I went to the BSNL exchange and they told me to write an application stating the request for the change. 

I am attaching the application allong with this post. Please do see it and add your valuable suggestions, which might be of great help to me.


----------



## paid (Apr 18, 2009)

I always give an application to Commercial Officer and he immediately mark on computer. I check on usage portal whenit is implemented. i do this even middle of month and billed accordingly without problems


----------



## GeekyBoy (Apr 18, 2009)

GeekyBoy said:


> I went to the BSNL exchange and they told me to write an application stating the request for the change.
> 
> I am attaching the application allong with this post. Please do see it and add your valuable suggestions, which might be of great help to me.

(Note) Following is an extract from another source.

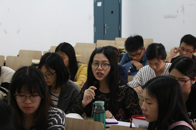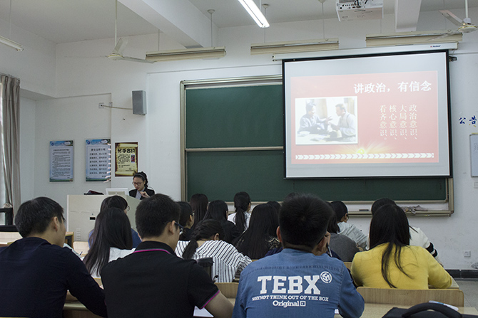 来自会计系学生党支部的舒望婷、张铭、蒋鑫丽和黄娟丽四名党员同学就“讲政治,有信念”的四个指向——“牢固增强和树立四个意识”、“要把好总开关,补足精神上的钙”、“党性教育是共产党人的心学”以及“牢固树立宗旨观念”进行了详细的解读。黄娟丽用“路上有他人扔的垃圾,作为党员同学看到去不去捡起来扔进垃圾桶”的讨论直接地阐述了党性宗旨的重要性。

Some other suggestions about my application letter would be more helpful.

Thans in advance.


----------



## GeekyBoy (Apr 20, 2009)

Why are yu guys so uncooperative? You thousands dont even have the time to see a small application letter and comment on it, although I have been pleading for days???????


I have to submit this application within the 30th.



PLEASE HELP ME !!!!!!!!!!!!!!!!!!!!!!!!!!!!!!!!!!!!!!!!!!!!!111111


----------



## sujoyp (Apr 20, 2009)

GeekyBoy said:


> Why are yu guys so uncooperative? You thousands dont even have the time to see a small application letter and comment on it, although I have been pleading for days???????
> 
> 
> I have to submit this application within the 30th.
> ...



Man there is nothing special abt application...as someone said...write the application to the commercial officer...and a simple letter stating "change the broadband offer from -------- to ----------" thats it...thank you...give it to ur telephone exchange..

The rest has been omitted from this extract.